Regarded as “a wily political operator” with extensive congressional experience, it is believed by many that Temer’s tentacles could still be wrapped around the Petrobras debacle.
Investigations of politicians from his more conservative Brazilian Democratic Movement Party (PMDB) have opened in an effort to more closely examine the alleged receipt of bribes and kickbacks.
A cooperating former Petrobras executive has stated that Temer asked for an illicit $400,000 campaign donation in 2012 for his party’s Sao Paulo mayoral candidate.
Temer denied the allegation.
And predictably, Rousseff has accused Temer of actively playing a role in her overthrow.
Whatever the future holds for Brazil and its corruption-rife political landscape, the saga of Dilma Rousseff should remind us at the very least that we are fortunate to live within the parameters of a working democracy.
Ousted from office less than halfway through her mandate for committing “a crime of responsibility” lends credence to the notion that the nation’s political class remains uncomfortable with the democratic process.

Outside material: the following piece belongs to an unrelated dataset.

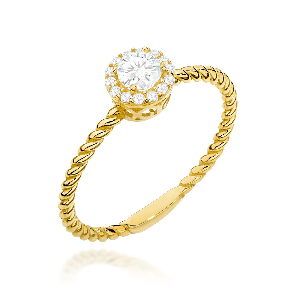 Pierścionek złoty z centralną cyrkonią w oprawie mniejszych na plecionej szynie

In the thirty years since the end of Brazil’s military dictatorship only 2 of the last 8 elected presidents have completed their terms. Two have been impeached, one removed in a military coup, one committed suicide, one died before assuming office and another resigned.
Once one of the world’s most popular politicians with approval ratings touching 85%, Rousseff’s reign was marred by controversy punctuated by a hostile congress and a fickle-turned-dire financial climate.
Her arrogant outbursts became the stuff of legend, Trump-like actually.
Indeed the behavior of Brazil’s first female president at times evoked images of The Donald.
We are very lucky.
In our democratic presidential election, now just weeks away, we get to choose one or the other and thankfully not both.